------ Data for processing ------
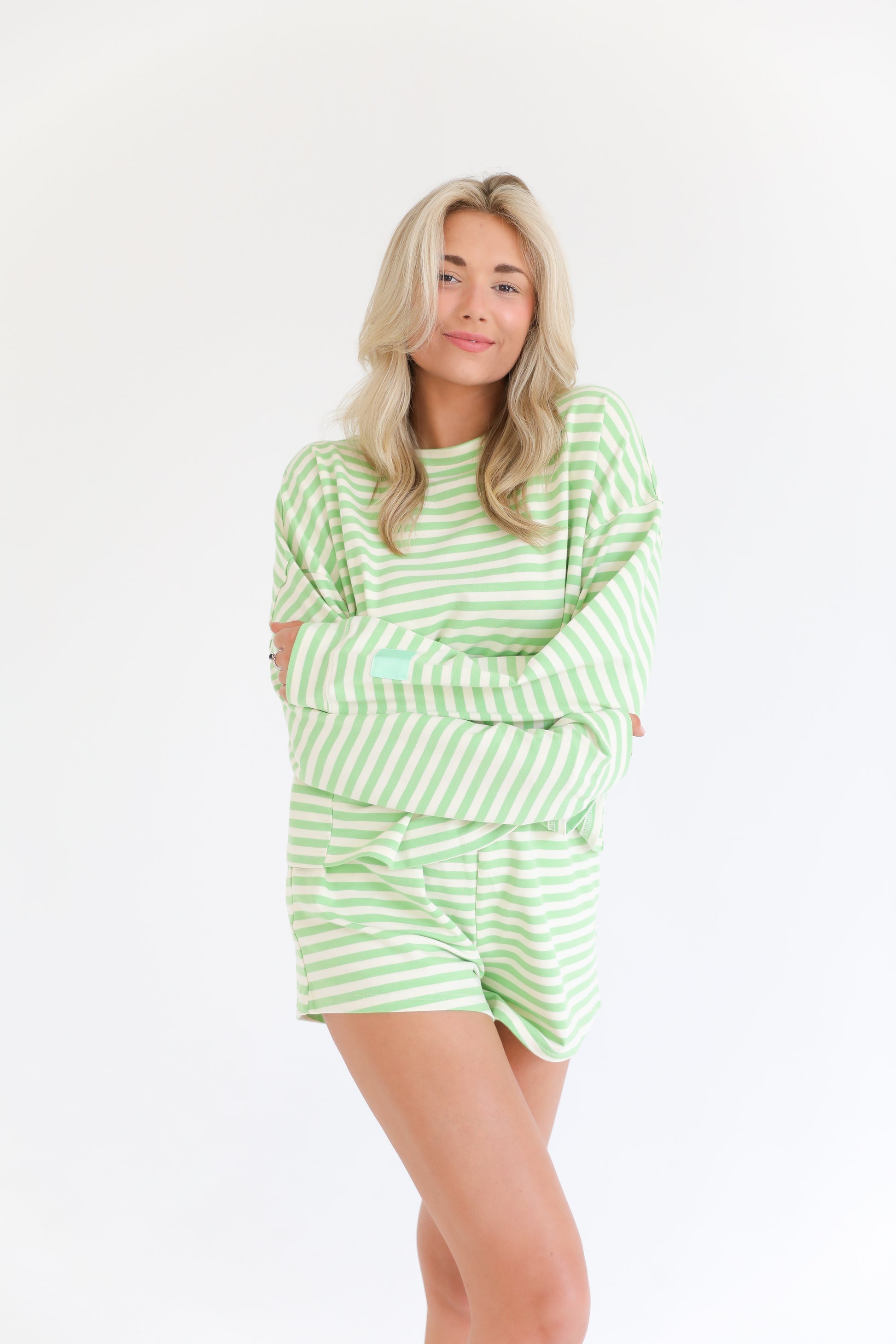The Morning Latte Shorts in green are the perfect balance of comfort and style. Featuring a stretchy waistband and soft knit fabric, these shorts are ideal for lounging, casual days out, or pairing with the matching pullover for a full fall-ready look.
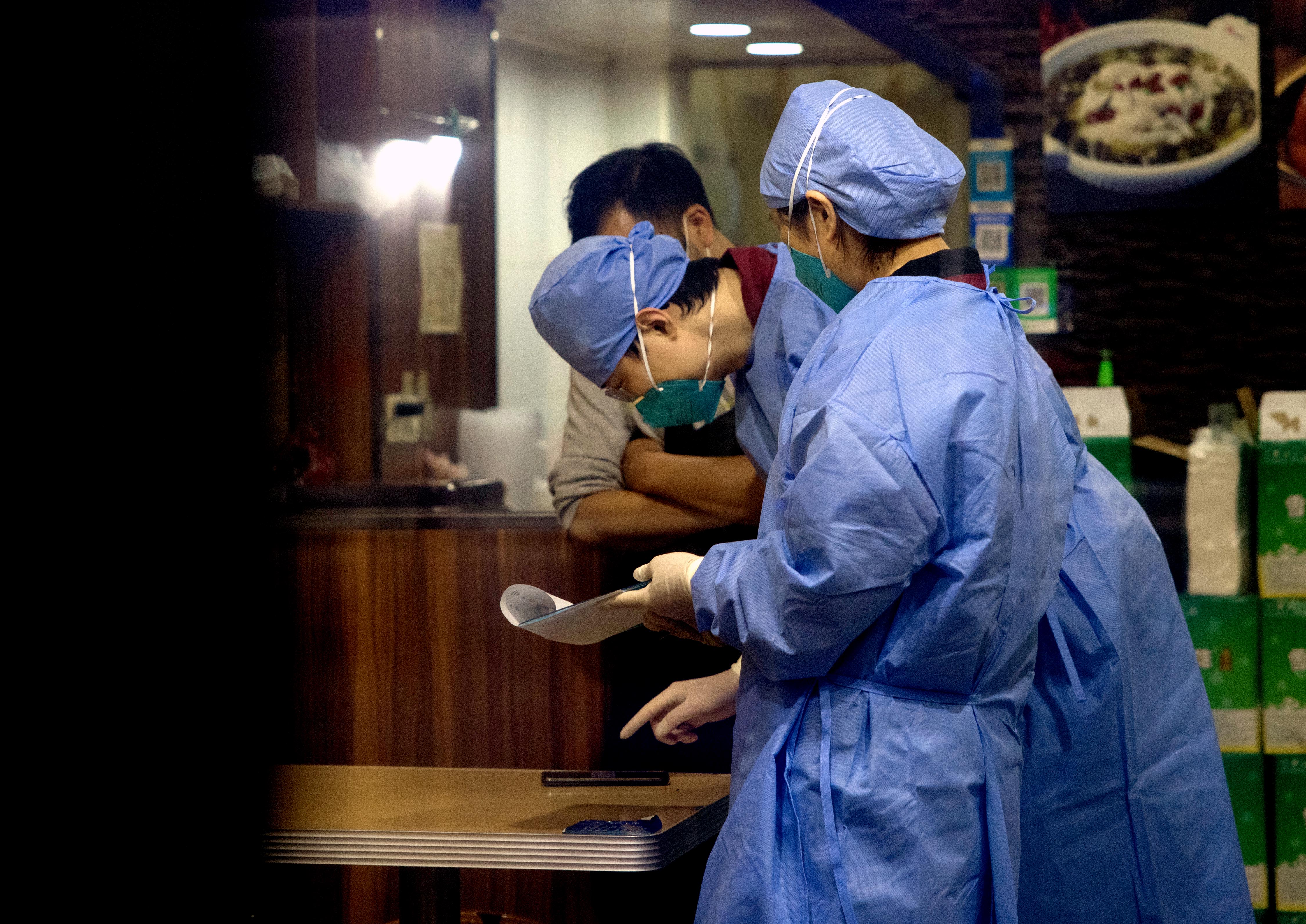 新华社照片,上海,2022年3月17日 上海:他们在深夜与病毒“赛跑” 3月17日凌晨,流调人员在相关场所进行排摸。 近日,上海新冠肺炎疫情防控工作处于关键阶段。青浦区疾控中心工作人员迅速应战,与区卫生健康系统抗疫一线医务人员一起,组成60余人的流调队伍,分成8个流调小组,24小时待命。他们通过大数据信息等方式排查核酸检测异常人员活动轨迹,分析感染途径和传播链,即刻前往重点场所进行轨迹排查、现场排摸、环境取样、转运送检,通宵达旦与病毒“赛跑”,全力阻击疫情。 新华社记者 刘颖 摄
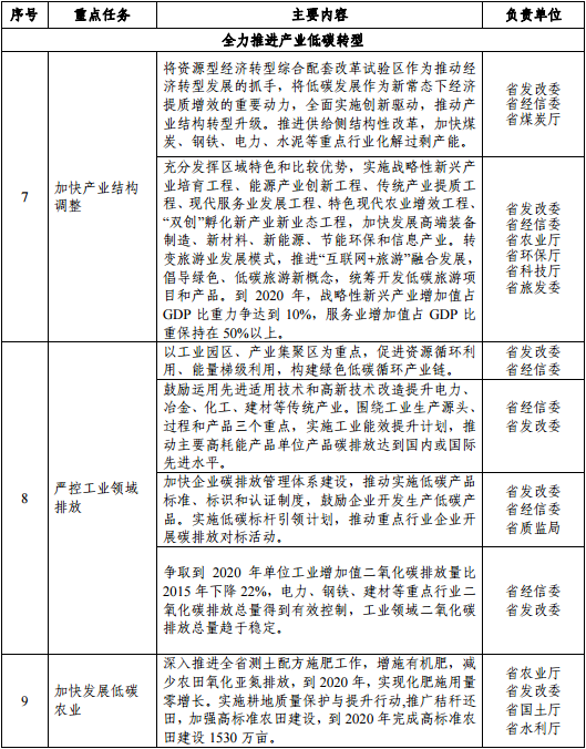 “十三五”控制溫室氣體排放實(shí)施方案任務(wù)分工表
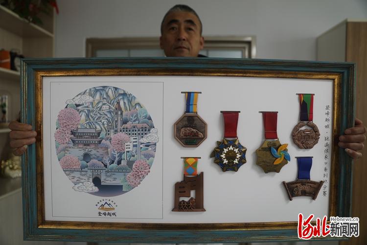 10月17日,張輝展示“登峰越城·跑遍張家口”6站賽事的獎牌。
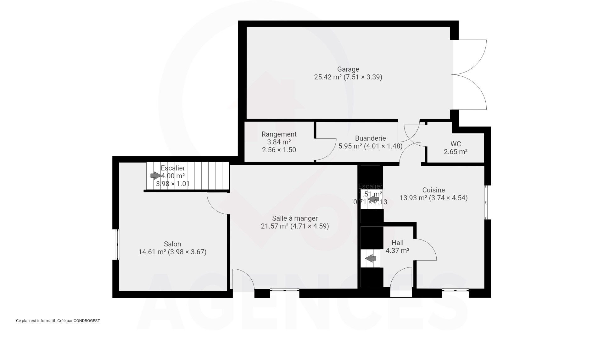 – Rez-de-chaussée: hall d’entrée, salon, salle à manger, cuisine, buanderie, espace de rangement, WC indépendant et garage ;
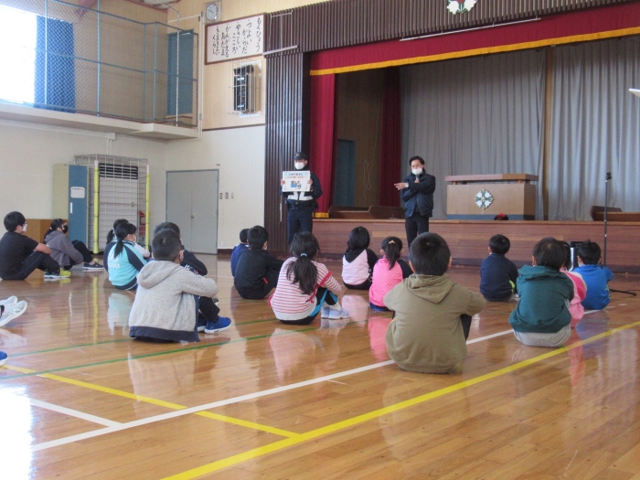 上風連小学校 学校行事 防犯教室 2023年03月01日(水) 行事 #1.2年生 #3.4年生 #5.6年生 中標津警察署の方の協力を得て、防犯教室を行いました。 学校へ不審者が入った時の対応や不審者に声をかけられた時の対応を学びました。
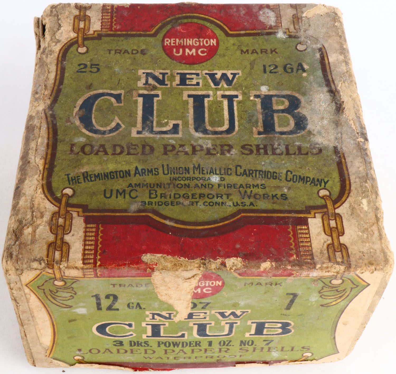 REM UMC, New Club, 12ga, 2pc., Empty, shot size 7, buff box with green, blue & red paper label, label is 85% intact, box has edge wear, scuffing & soiling with nice color to label. Grade: Very Good + - Value: 10 to 60
------
Assigned task
Reproduce the data above exactly, but only the lines from the one showing "et garage ;" through the one showing "上風連小学校 学校行事 防犯教室", with both ends kept and the pictures left out.

Response
 – Rez-de-chaussée: hall d’entrée, salon, salle à manger, cuisine, buanderie, espace de rangement, WC indépendant et garage ;
 上風連小学校 学校行事 防犯教室 2023年03月01日(水) 行事 #1.2年生 #3.4年生 #5.6年生 中標津警察署の方の協力を得て、防犯教室を行いました。 学校へ不審者が入った時の対応や不審者に声をかけられた時の対応を学びました。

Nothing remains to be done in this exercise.